Pour Berdiaïev, lorsque s’élargit la conscience, le passé et le futur fusionnent en un seul présent, éternel. Cette pensée est très proche de la conception bouddhique. : le bouddhisme n’appréhende pas la réalité en fonction de principes abstraits, mais diffuse sa doctrine en prenant en compte les circonstances et les conditions de chaque époque, anticipant avec attention les espérances véritables du peuple.

G .

Il convient de distinguer l’idéal moral, qui stimule véritablement le développement spirituel de l’individu et rend sa vie plus sensée, de l’utopie idéologique, source de violence et de destruction.

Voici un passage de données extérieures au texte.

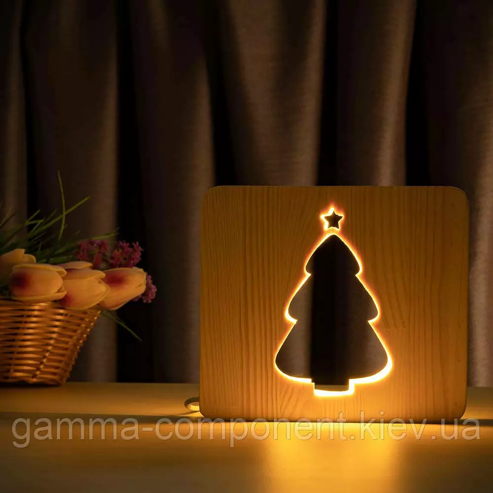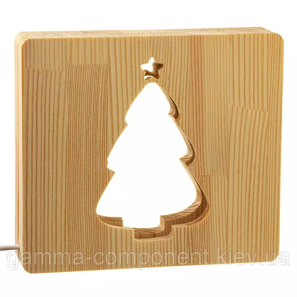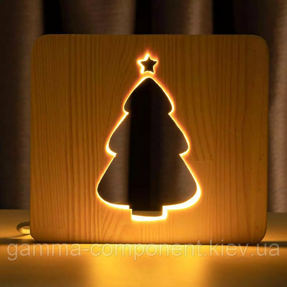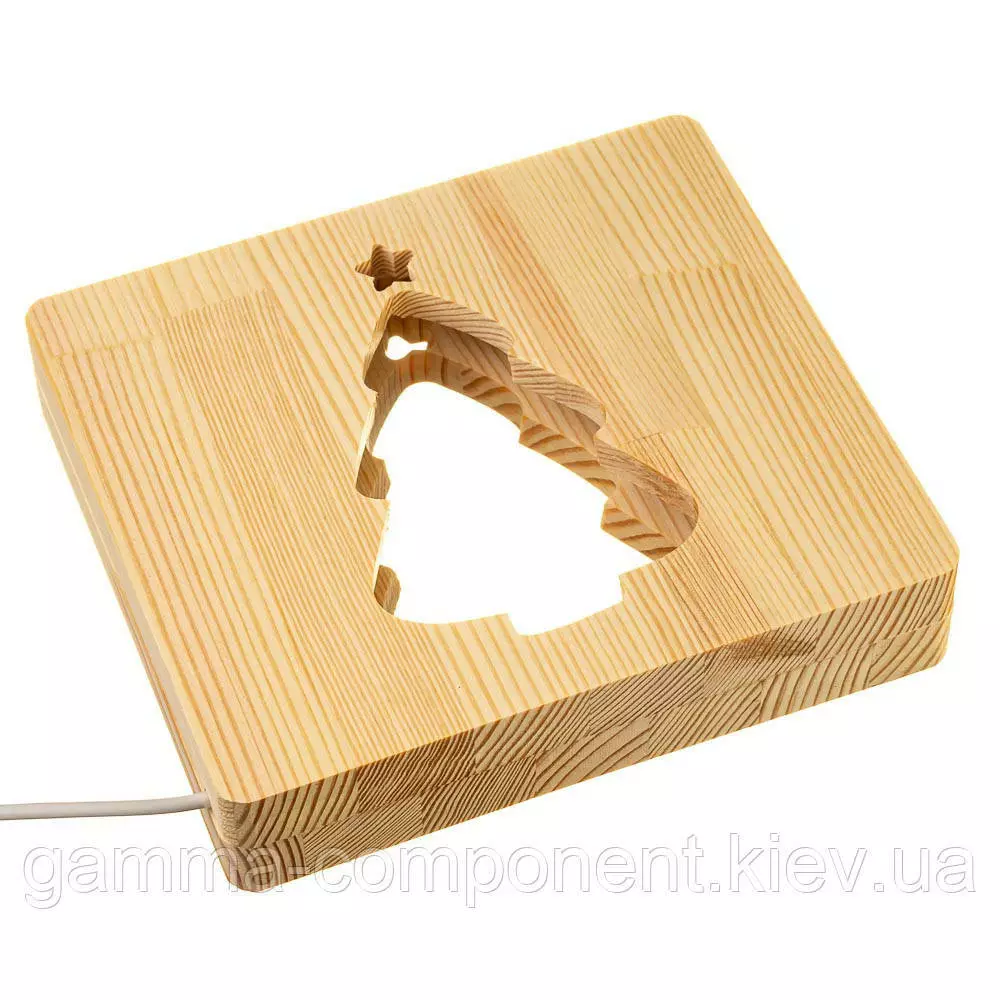 Світильник нічник ArtEco Light з дерева LED "Ялинка під снігом" з пультом і регулюванням світла, колір теплий

Il ne suffit pas d’apprendre à défendre les droits des minorités, même si, en soi, l’aspiration de la démocratie à défendre la minorité et à la protéger de la dictature de la majorité est la plus grande réalisation de la liberté. Il est important de comprendre que la vérité de la minorité est universelle, elle aussi, qu’elle a de la valeur.

D.I.

Notre seule possibilité de survie se trouve dans le passage de la concurrence économique et militaire à la coopération pour investir dans le fond universel de l’humanisme. Le critère principal de la civilisation doit être le niveau d’humanisme de chaque société.

G.

La science du XXIe siècle, et en premier lieu les sciences humaines, doit nous expliquer ce qui ne peut pas être changé dans l’homme et ce qu’il est dangereux de changer.

D.I.

Confondant savoir et sagesse, prenant la crédulité pour de la conviction, le plaisir pour le bonheur et la productivité pour valeur suprême, les hommes se sont lancés à corps perdu dans une fuite en avant : le résultat est bien triste !

G.

Il est évident que les anciennes oppositions mécaniques entre le socialisme et le capitalisme, le libéralisme et l’étatisme, sont en train de mourir. Nous avaçons vers autre chose, une situation nouvelle, une complémentarité des mécanismes et des instruments de la vie sociale qui renforce ses propres fondements.

Cette recherche doit être aussi celle de la synthèse des points communs, de ce qui unit, au lieu de diviser, les hommes, les nations et les peuples.

La valeur de la démocratie est nulle si elle est installée par la violence et les frappes aériennes.

Nous n’avons pas renoncé à notre approche idéologique juste pour devenir des esclaves d’une nouvelle idéologie. Nous avons renoncé à notre approche idéologique au nom d’une approche morale.

Aux Etats-Unis aujourd’hui le cours des évènements dépend entièrement de la probité et de la décence de ceux qui contrôlent les empires médiatiques (le 4e pouvoir). Une révolution culturelle est nécessaire pour s’opposer à la toute puissance de ce 4e pouvoir.

La culture humaniste de la population est très basse, même dans les pays les plus développés de l’Occident, Etats-Unis en tête.

Il convient de réfléchir à la manière d’éviter une nouvelle unification du monde. Il faut commencer par perfectionner les organisations internationales qui existent déjà. L’ UNESCO : pourquoi ne pas réfléchir aux orientations d’une éducation humanitaire fondée sur l’expérience morale de toute l’humanité et la sagesse morale de toutes les grandes religions ?

Il devrait être question aujourd’hui d’une réorientation culturelle de toute la civilisation humaine, d’une nouvelle refondation morale et culturelle.